By applying the above equation to the test results, the following quantities were obtained:

Q = measured heat output transferred to the cooling water

A= thermal conductivity of copper [W/mK]

T = temperature at the bottom of the element as calculated in the tests [K]

T2= temperature of the wall of the channel through which the water flows as calculated in the tests

[K]

S = shape factor for a finite cylinder buried in a semi-infinite medium (length D, diameter P) the shape factor can be determined according to the equation S = 27tD/ln(4z/P) when Z>1.5P,

z = immersion depth measured from the center line of the cylinder [m].

The heat transfer coefficients determined in the aforementioned manner are presented in Figure 4. According to the analyzes with several variables, a very good correlation is obtained between the heat transfer coefficient and the water flow rate, as well as the amount of heat transferred to the water.

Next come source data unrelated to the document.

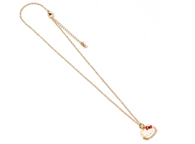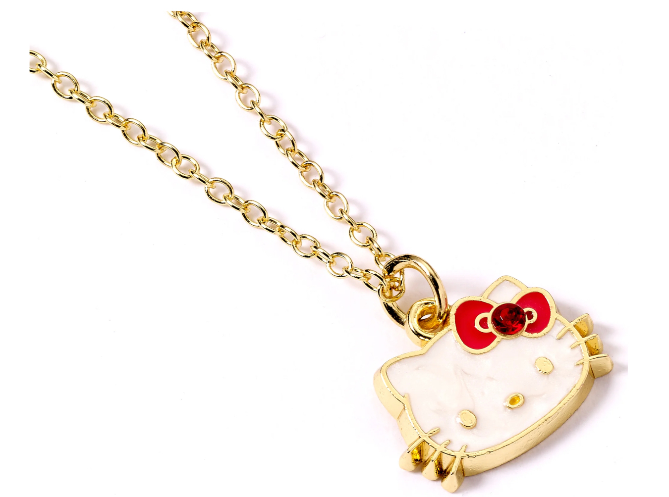 Amusez-vous à porter ce charmant pendentif Hello Kitty en métal doré, orné d'émail et de cristaux étincelants.
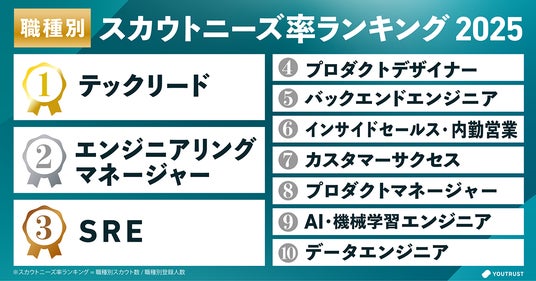 一方2025年は、テックリード、エンジニアリングマネージャーといった「開発組織を率いる人材」が上位を占める結果となりました。背景には、プロダクト開発や事業成長のスピードが求められる中で、「技術力」に加え、
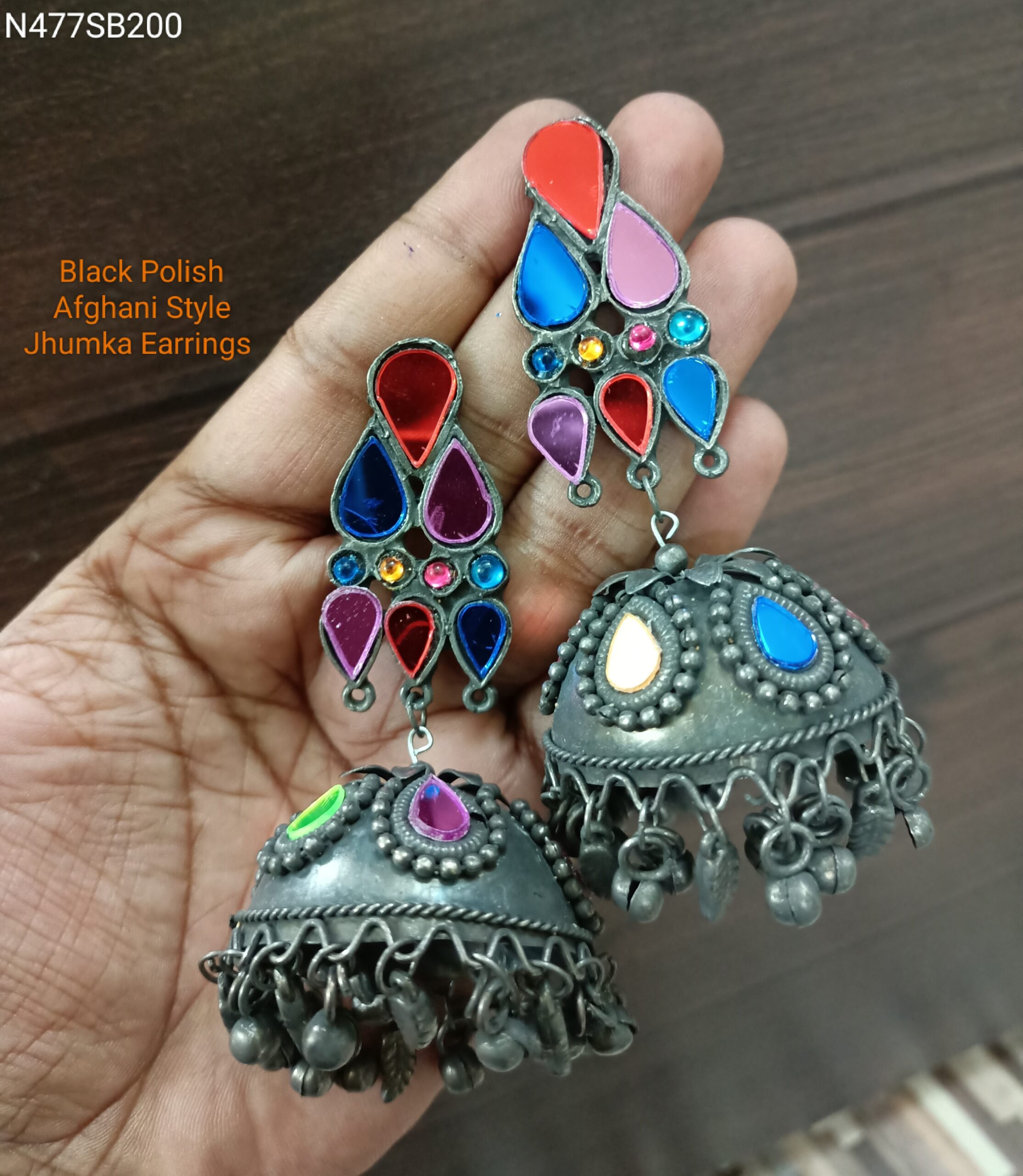 Black polish Afghani style jhumka earrings are stunning accessories that blend traditional Afghan design with a modern twist. These earrings typically feature a dome-shaped jhumka design with intricate patterns or embellishments, crafted from blackened silver or other metals treated with a dark coating. The Afghani style is characterized by its bold and ornate aesthetic, often incorporating elements like filigree work, beads, or dangling charms. The black polish adds depth and contrast to the earrings, enhancing their intricate detailing and giving them a contemporary edge. Perfect for adding a touch of exotic elegance to any outfit, black polish Afghani style jhumka earrings are sure to make a statement and turn heads wherever you go.

The heat transfer regression equation coefficients for each cooling element are presented in Table 2 .

Therefore a[W/m<2>K] = c + a x v [m/s] + b x Q [kW].

In order to compare the results, the cross-sectional areas of the flow channels were normalized so that the amount of water flow corresponds to the same flow velocity. The dimensions of the flow channel and the heat transfer area normalized according to the flow rate and its velocity are presented in Table 3. Using the dimensions given in Table 3 for cases A', B', C and D' and the heat transfer coefficients determined as previously stated, the wall-water temperature difference for the normalized cases concerning the flow rate were calculated as a function of the water flow rate for heat rates of 5, 10, 20 and 30kW via Eq.

The results are shown in Figure 5. The figure shows that all cooling elements produced according to the present invention achieve some amount of heat transfer with smaller temperature differences between the water and the wall of the cooling channel illustrating the effectiveness of the process. For example, with a cooling power of 30kW and a water flow velocity of 3m/s, the temperature difference between the wall and the water in different cases is:

When the results are compared with the heat transfer surfaces, it can be seen that the temperature difference between the wall and the water required to transfer the same amount of heat is inversely proportional to the relative heat transfer surface. This means that the surface changes described in this invention can significantly affect the heat transfer efficiency.

Claims (4)

1. A method for producing a cooling plate of a pyrometallurgical reactor, wherein said plate is produced by slip casting of highly thermally conductive copper and has at least one flow channel for cooling water, basically round or oval in cross-section, which is made in the cooling plate during casting, characterized in that, in order to improve the heat transfer capability of the cooling plate, the wall surface of at least one flow channel inside the cooling plate is increased by making one or several grooves inside the surface of the flow channel using a grooved spindles during casting or by machining threads or grooves as in a gun barrel, after casting. 2. The method according to claim 1, characterized in that the grooves as in a rifle barrel are made by means of an expanding spindle. 3. The cooling plate of the pyrometallurgical reactor, produced by sliding casting of copper of high thermal conductivity, and having at least one flow channel for cooling water, basically round or oval in cross-section, indicated by the fact that it is made according to claim 1 and in order to increase the heat transfer capability of the cooling element, the wall surface of at least one flow channel inside the cooling element is increased by grooves, threads or grooves like in a gun barrel or the like. 4. A cooling plate according to claim 3, characterized in that the tube grooves are made with an expanding spindle.